[[ Data for review, beginning ]]

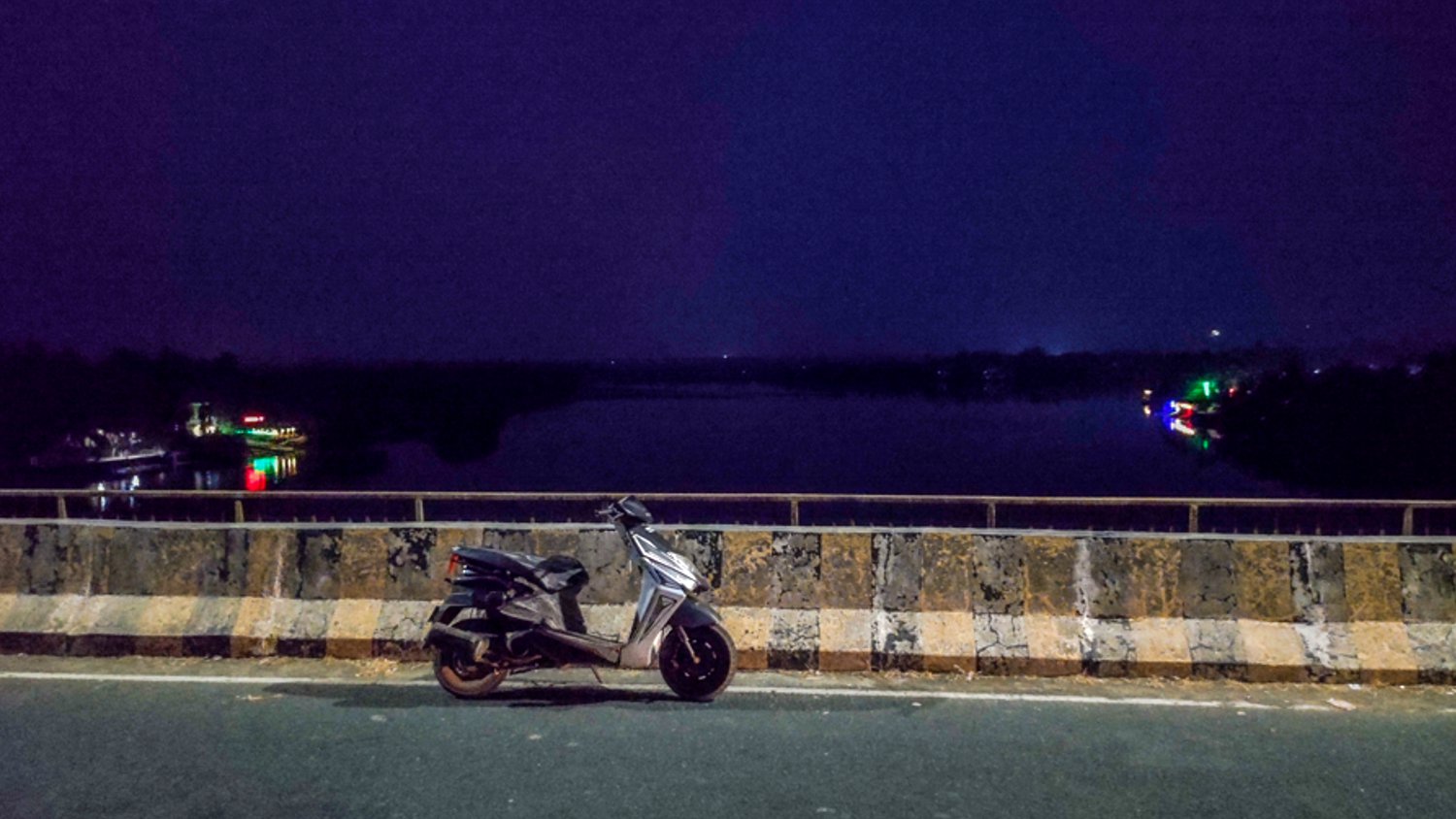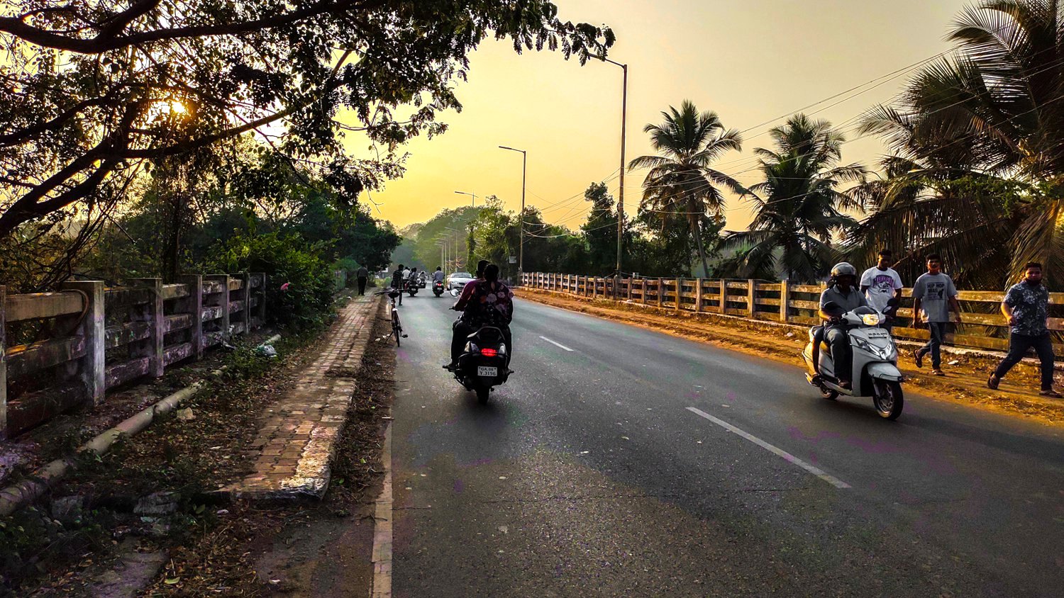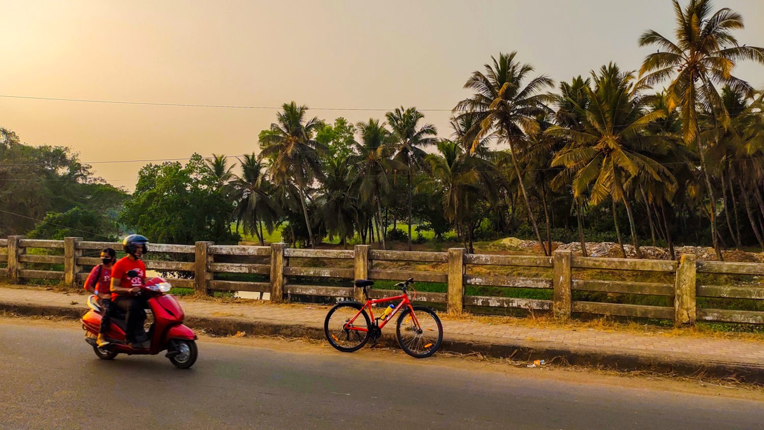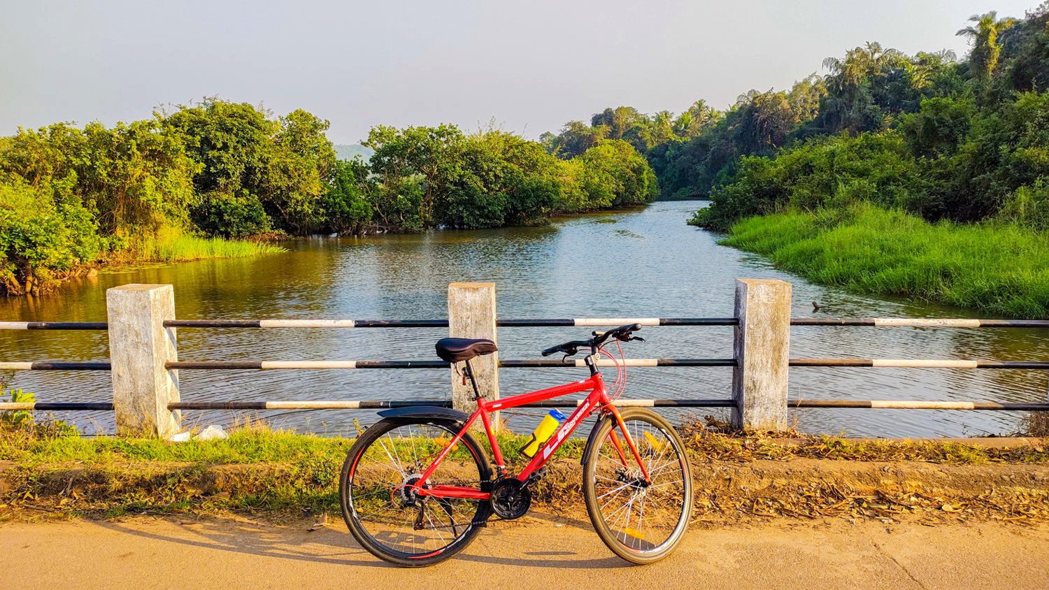 I ended the ride at the last point where the tarmac road ended with a view of the River Sal flowing into the Arabian sea, 49.2 km from the Verna plateau, the source where it originates. The end of the road is 700mts from Leela Resort from where the rotating light of the Betul Light House could be seen opposite the river bank.
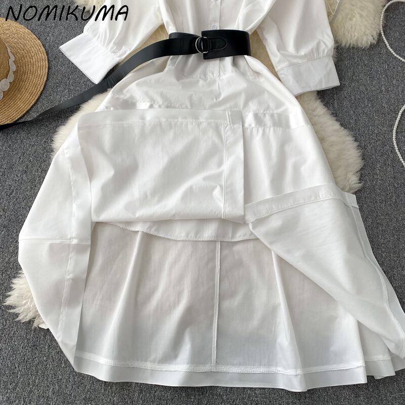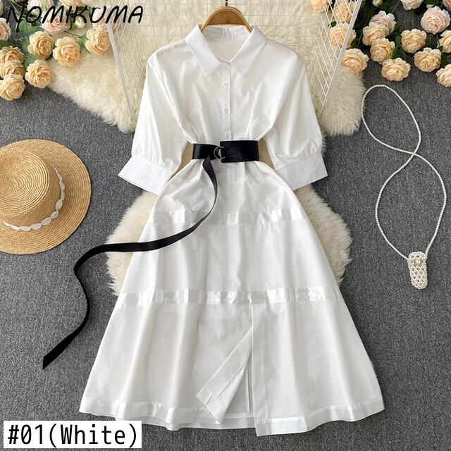 のみくまベルトスリムウエストブラウスワンピースレディース半袖シングルブレストターンダウンカラーワンピース2022サマーヴェスティドス ショート ハーフスリーブ 夏物 ドレス ハーネス kor43953111902
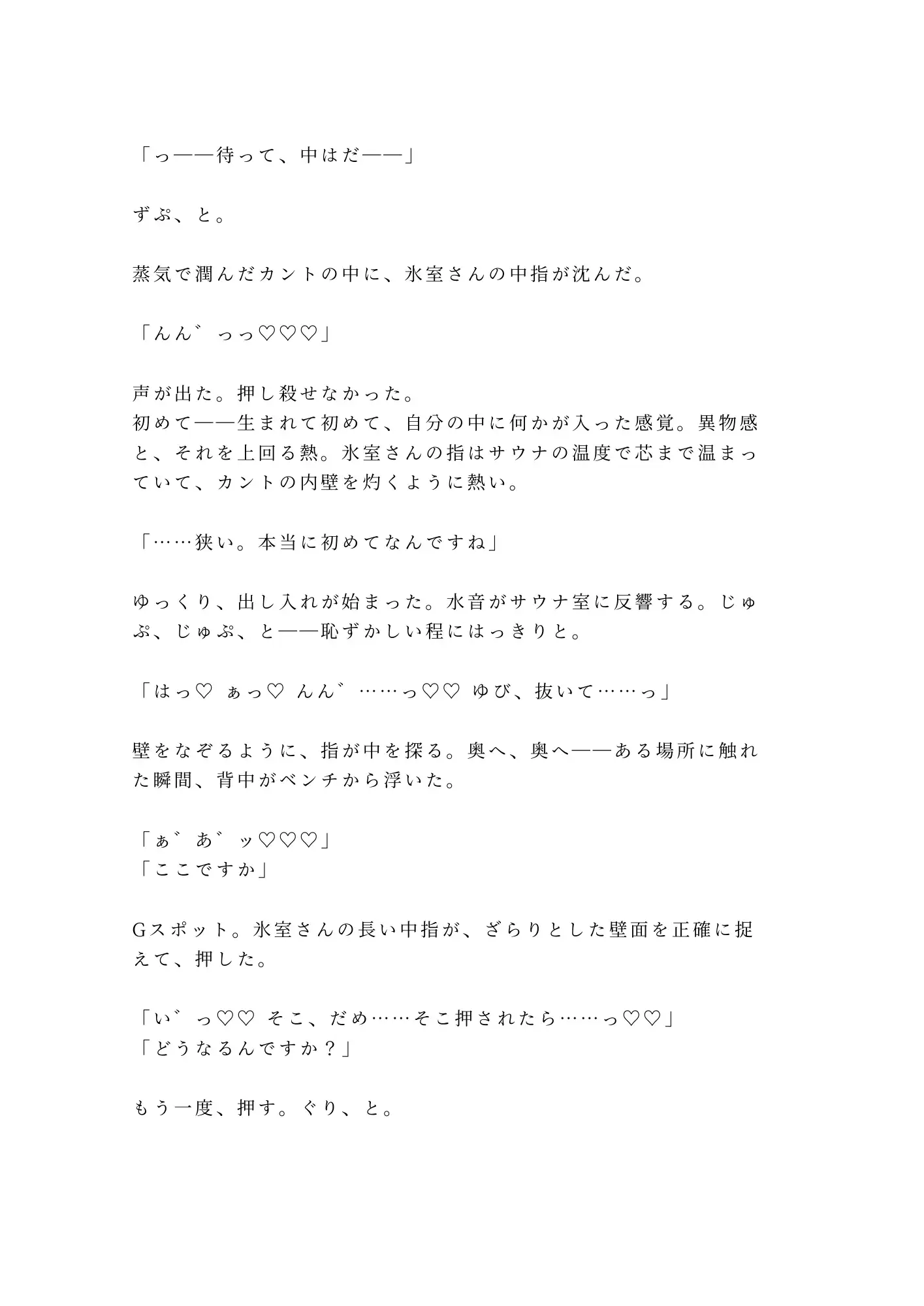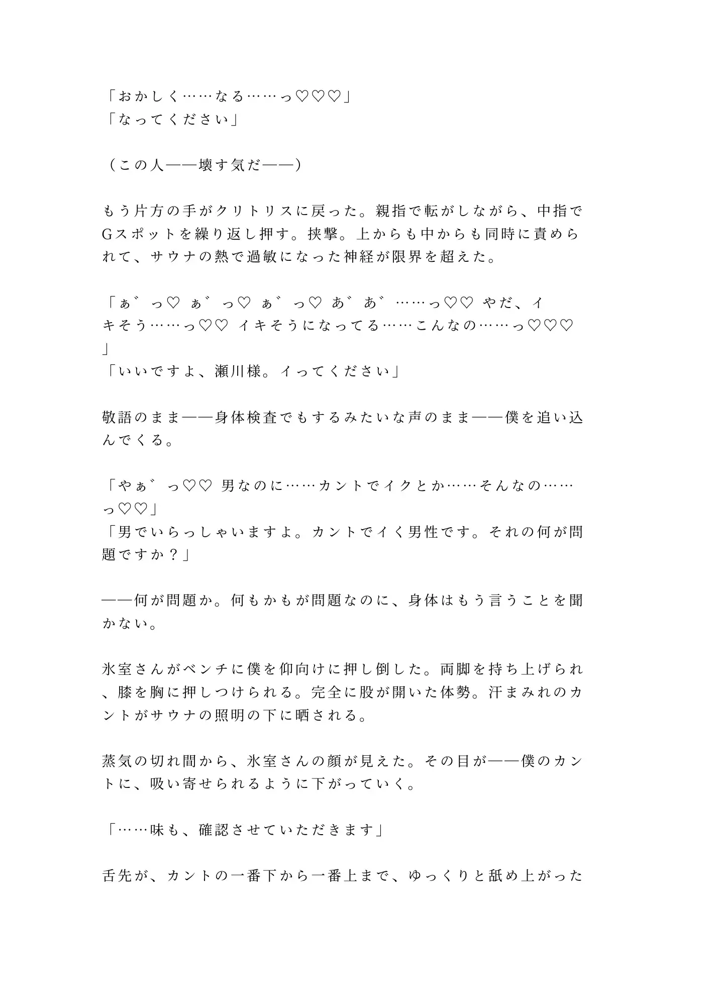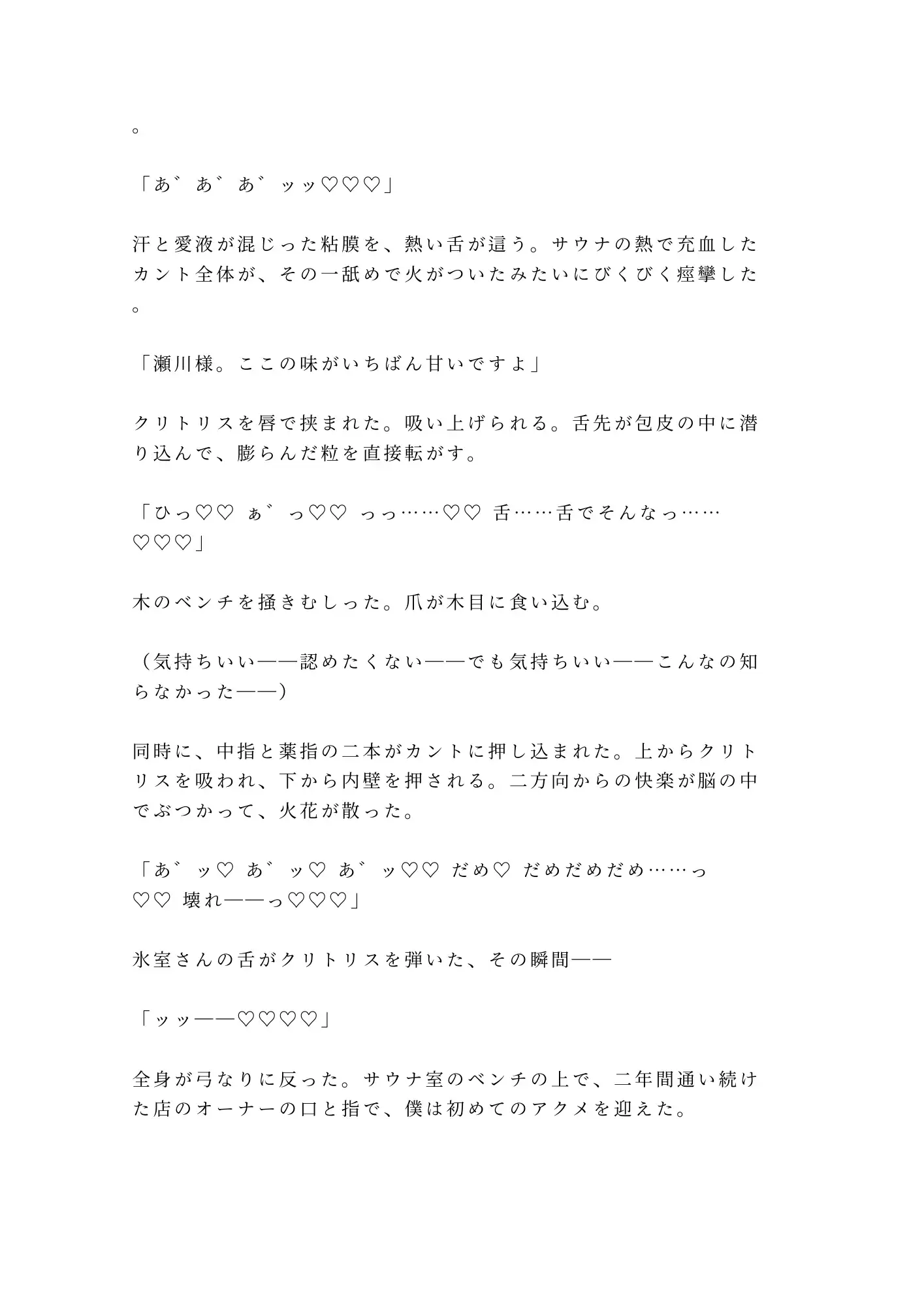 全ては仕組まれていた。二年間、防犯カメラでタオルに隠れる仕草を観察し続けていたオーナーが、この夜のために個室を封鎖した。サウナの蒸気の中でクリトリスを責められ、水風呂の冷水で研ぎ澄まされた感覚で指を突き込まれ、温冷交代の度にカントを開かされていく。
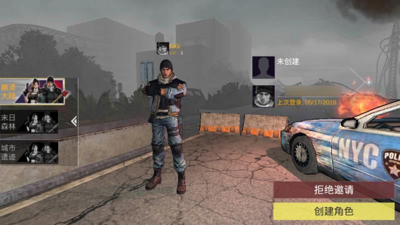 每个账号可以创建三个角色,左侧「崩溃大陆」、「末日森林」和「城市遗迹」为创建角色栏(并非服务器选择栏)。各位幸存者在创建好自己的角色后,便可以通过右下角的邀请好友按钮进行好友邀请了。
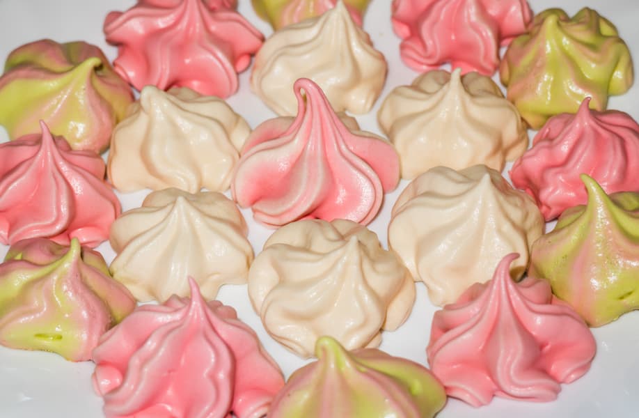 Разделили крем на три части. В одну добавили каплю красного красителя, в другую — зеленого, третью часть оставили белой. С помощью кондитерского мешка отсадили меренгу на противень, проложенный пергаментом.

[[ Data for review, end ]]

Please, without any pictures, write out exactly the lines of the listing from its first line through the line that holds "ドレス ハーネス kor43953111902", ends included, and nothing beyond them.

→ **Task response**:
 I ended the ride at the last point where the tarmac road ended with a view of the River Sal flowing into the Arabian sea, 49.2 km from the Verna plateau, the source where it originates. The end of the road is 700mts from Leela Resort from where the rotating light of the Betul Light House could be seen opposite the river bank.
 のみくまベルトスリムウエストブラウスワンピースレディース半袖シングルブレストターンダウンカラーワンピース2022サマーヴェスティドス ショート ハーフスリーブ 夏物 ドレス ハーネス kor43953111902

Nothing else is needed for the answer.